Кто мешал мне сказать «нет»? одна мысль тянет за собой другую, а эта засела в моей голове, и я очень долго не находила на нее ответа. Для начала я даже не могла понять, о чем спрашиваю себя. Сказать «нет» Гейдриху? Я ведь пыталась, но все это закончилось тем, что он просто заставил меня. Я пыталась… А что я пыталась сделать на самом деле, гуляя с ним, часами играя ему на фортепиано, разговаривая, бессмысленно хлопая ресницами и только в последний момент говоря неуверенное и неискреннее «Я не могу»? поверила бы я сама человеку, который говорил бы мне «нет» таким оригинальным способом? А ведь все началось гораздо раньше. Вернее, та часть, в которой виновата была я, началась раньше, чем я с трепетом и восторгом осознала, что влюблена. В тот момент, когда я в кабинете отца набрала номер приемной начальника РСХА и назначила его встречу. Он тогда говорил, что я не на фортепиано играть хочу, а выпендриваться. Да, я не на фортепиано играть хотела, я хотела и дальше… взаимодействовать с ним. Это было так ужасно, больно, пугающе – и так захватывающе, патетично и трагично. Какая девушка в семнадцать лет не мечтает о том, чтобы в ее жизни случилась драматическая история? Классика любовного романа: ему чуть больше тридцати, его жизнь полна мрачных тайн, он кажется жестоким и неприступным, но на самом деле… На самом деле я придумала себе что-то, чего сейчас даже вспомнить не смогу и с радостным энтузиазмом устремилась к своей выдумке. К своей романтической трагедии.
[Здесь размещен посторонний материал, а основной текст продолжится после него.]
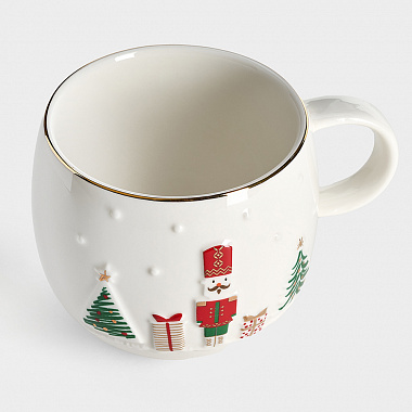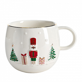 Кружка Новогодний снег, Щелкунчик, 400 мл, белая/золото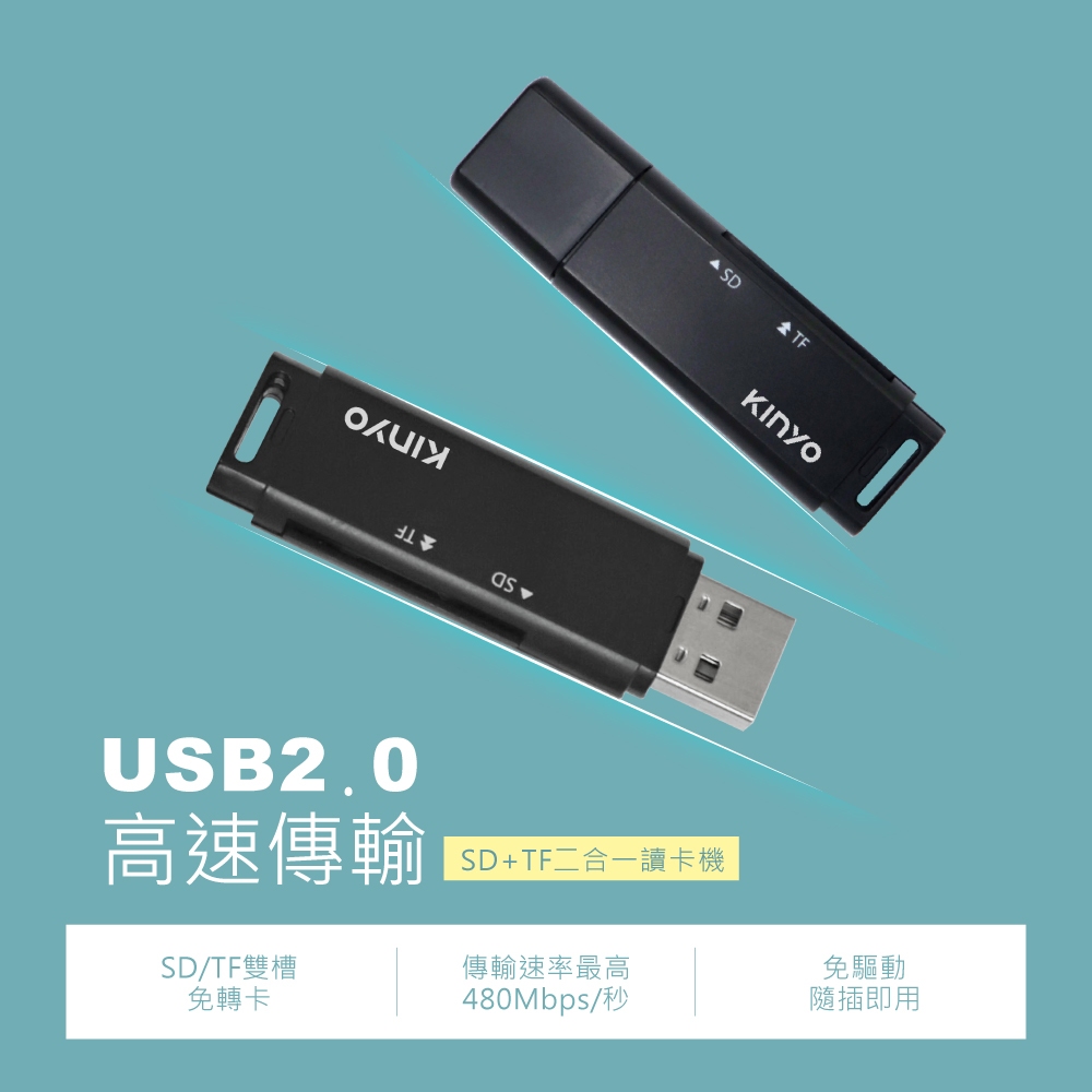【KINYO官方直營】SD+TF雙卡槽迷你讀卡機(KCR)KCR218 迷你雙槽讀卡機USB Hubs & Card ReadersKINYO官方旗艦店_3C館

Я могла бы понять что-то, когда наша романтическая история достигла своей кульминации, и я услышала от него, что мои родители в Дахау, а я еду теперь с ним. Наверное, тогда было слишком много эмоций, и они не оставили места для мыслей. И мне все еще было восемнадцать, и я была круглой дурой. А дальше я страдала, упоенно, вдохновенно и страстно. Я часто видела, как люди, вместо того, чтобы попытаться успокоиться и взять себя в руки, накручивают себя и содрогаются от рыданий, заламывают руки, давятся слезами. Я делала то же самое, но только в масштабе нескольких лет.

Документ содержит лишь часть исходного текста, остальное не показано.